### [Given records]
════════════════
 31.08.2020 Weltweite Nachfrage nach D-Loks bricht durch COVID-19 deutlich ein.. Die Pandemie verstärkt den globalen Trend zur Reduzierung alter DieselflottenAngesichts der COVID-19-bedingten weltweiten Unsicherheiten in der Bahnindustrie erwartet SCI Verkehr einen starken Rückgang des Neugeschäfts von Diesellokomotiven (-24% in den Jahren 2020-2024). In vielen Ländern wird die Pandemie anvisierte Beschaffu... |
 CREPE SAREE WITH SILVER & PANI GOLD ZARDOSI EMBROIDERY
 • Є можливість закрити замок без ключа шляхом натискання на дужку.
════════════════
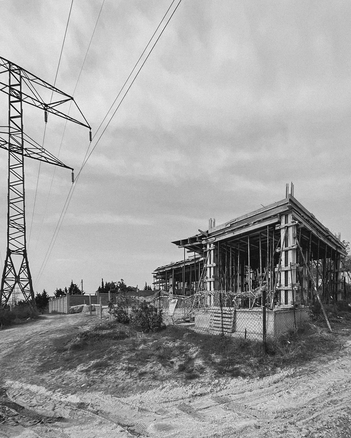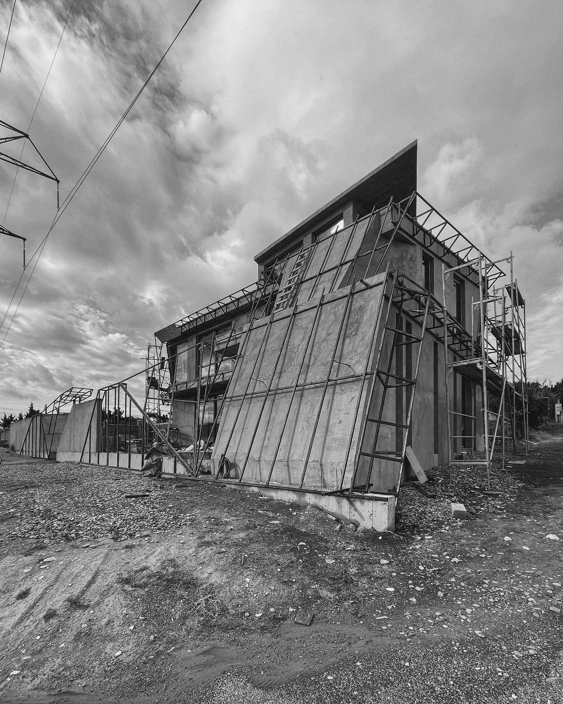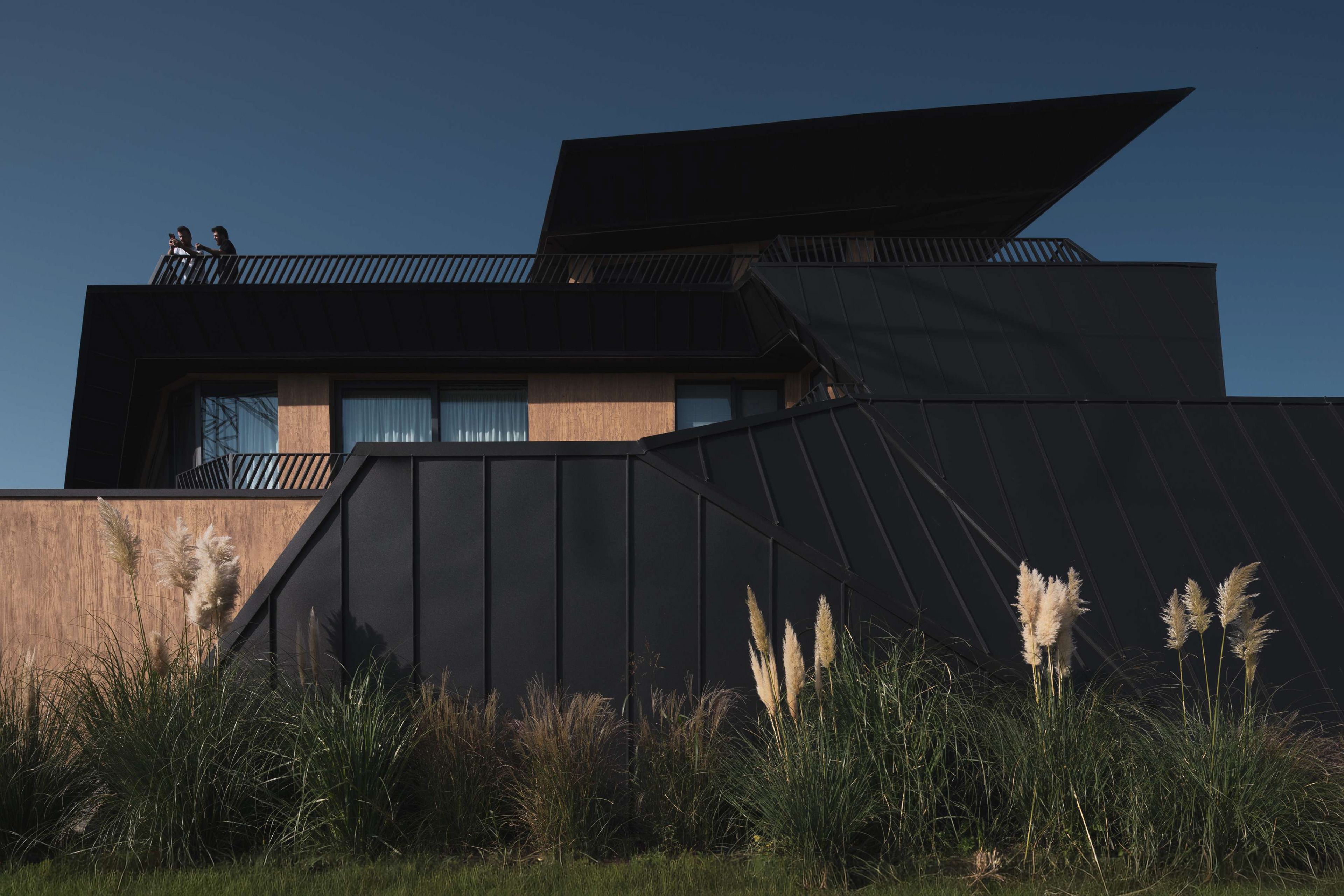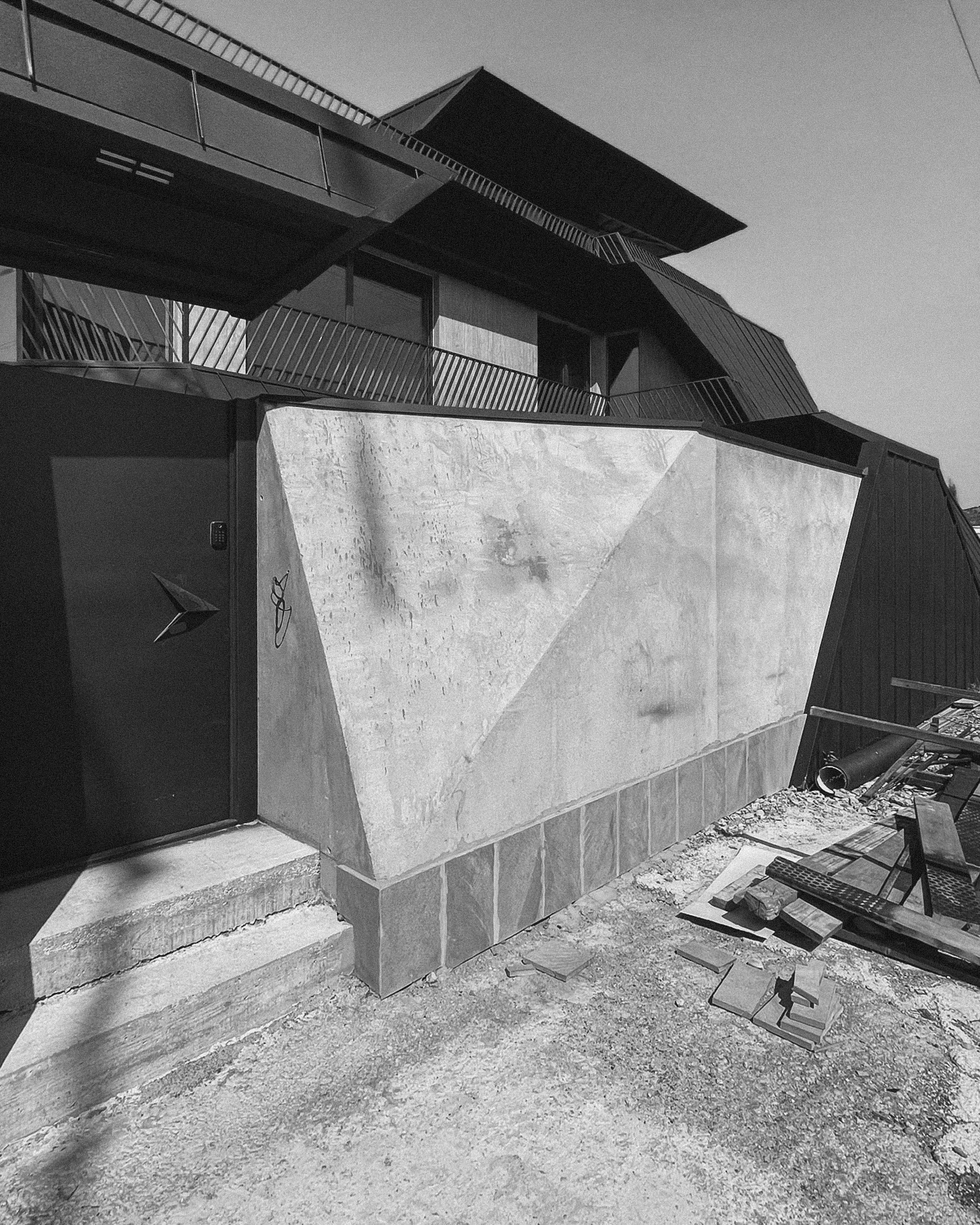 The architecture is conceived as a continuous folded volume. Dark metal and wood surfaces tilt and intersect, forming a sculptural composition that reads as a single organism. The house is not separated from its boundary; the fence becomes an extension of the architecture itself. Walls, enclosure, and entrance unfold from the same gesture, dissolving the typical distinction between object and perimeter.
════════════════
### [Brief]
Copy, exactly and only, the lines above that begin with the one containing "31.08.2020 Weltweite Nachfrage" and finish with the one containing "натискання на дужку.".

### [Expected output]
 31.08.2020 Weltweite Nachfrage nach D-Loks bricht durch COVID-19 deutlich ein.. Die Pandemie verstärkt den globalen Trend zur Reduzierung alter DieselflottenAngesichts der COVID-19-bedingten weltweiten Unsicherheiten in der Bahnindustrie erwartet SCI Verkehr einen starken Rückgang des Neugeschäfts von Diesellokomotiven (-24% in den Jahren 2020-2024). In vielen Ländern wird die Pandemie anvisierte Beschaffu... |
 CREPE SAREE WITH SILVER & PANI GOLD ZARDOSI EMBROIDERY
 • Є можливість закрити замок без ключа шляхом натискання на дужку.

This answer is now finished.